Roslyn HS store helps students socialize

The Island Now

Roslyn High School had a grand reopening of their school store on Sept. 16. The store is managed by Roslyn’s Distributive Education Club of America students under the guidance of business teacher Sallykaye Kaufman.

DECA officers interviewed Life Skills and ESL students for positions in the store. 

Each prospective employee filled out an application and received a list of interview questions so they could prepare in advance.

This enables the Life Skills students to interact more fully with the overall student body and helps the ESL students practice their English language skills in a workplace environment. It also provides the Life Skills class a chance to prepare for jobs in the community by offering an opportunity to engage in proper social interaction and solving job specific situations.

Students and staff can purchase a variety of Roslyn High spirit items and apparel, school supplies, review books, toiletries (like tissues and Chapstick), candy, snacks and beverages. The store also has a t-shirt press for designing custom T-shirts.  

In the near future, they plan to carry greeting cards designed by students and helium balloons. Periodically they will also sell fundraising items for various clubs throughout the school, such as rubber bracelets for cancer collections by Youth Against Cancer.
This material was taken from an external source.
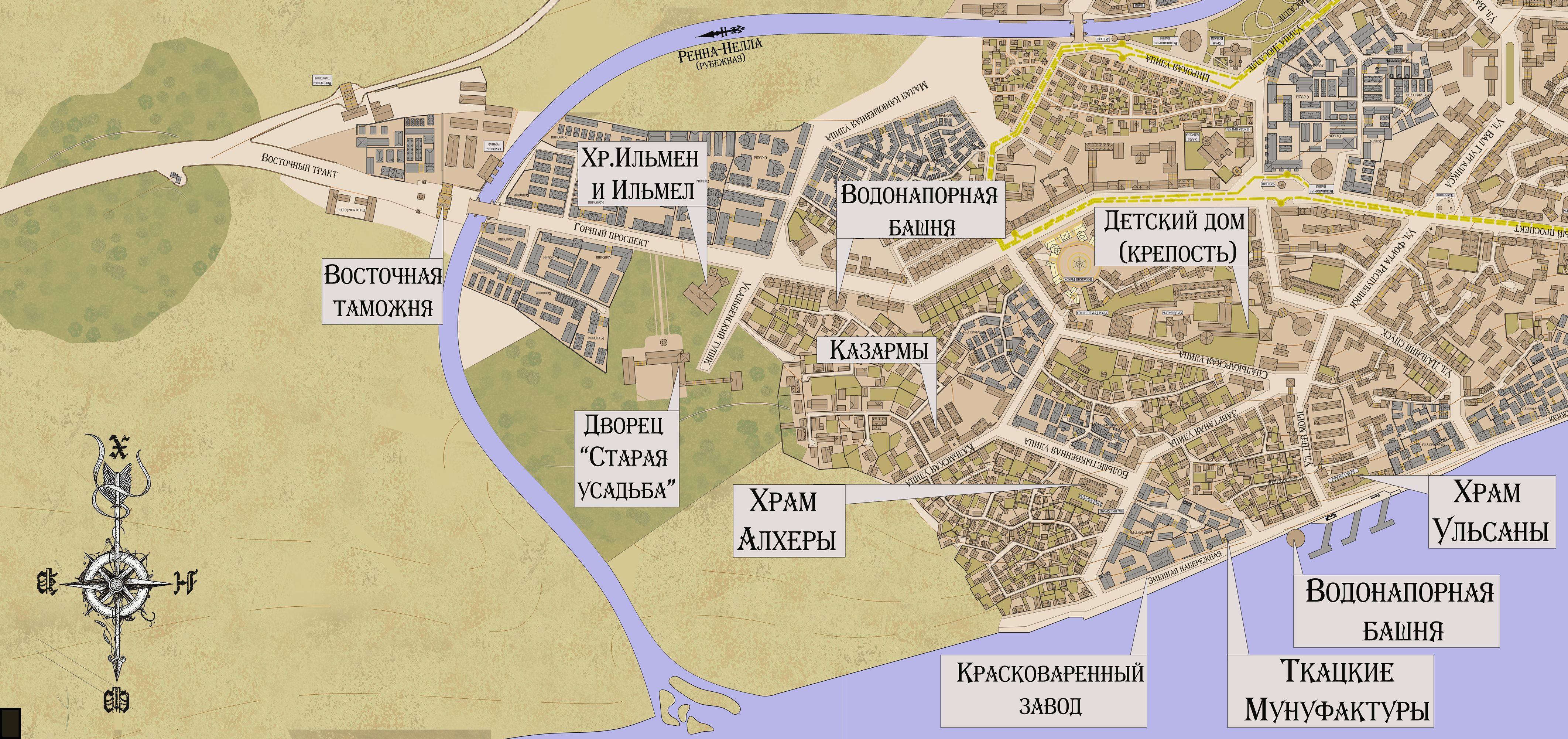 Автор: Саша ЗотовЧто ж, таки решил я все же сделать схемку с поясненями, что нарисовано в городе, не зря ведь рисовал не от балды, а по карте.
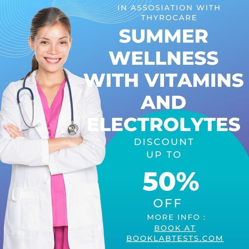 SUMMER WELLNESS WITH VITAMINS AND ELECTROLYTES includes Carcino Embryonic Antigen (cea),Basophils – Absolute Count,Eosinophils – Absolute Count,Lymphocytes – Absolute Count + 103 Tests. Home sample collection available. Reports with certified lab quality.

Students receive community service hours for working in the store. 

“We are also compiling a training manual as we train students of various abilities how to receive stock and count inventory, arrange merchandise, use a cash register, and maintain the store’s cleanliness,” said Kaufman. “These are the same skills that our special needs students would learn at the BOCES Retail Program, but now they can stay in the building rather than take a bus to another location.”

The store will also be used as a lab for other business classes such as entrepreneurship and fashion marketing and the special education class “Math and Money in the Marketplace” so students can apply classroom concepts.

In addition, the store will be open for events like basketball and volleyball games and Back-to-School night so that parents and members of the community can make purchases and see the store in action. It also helps to increase involvement of the students in the athletic department.

The revenues earned will go toward maintaining the store and to DECA for helping to fund competition costs, said Kaufman. 

The DECA students get experience managing a school business enterprise and will apply for bronze status with National DECA this year.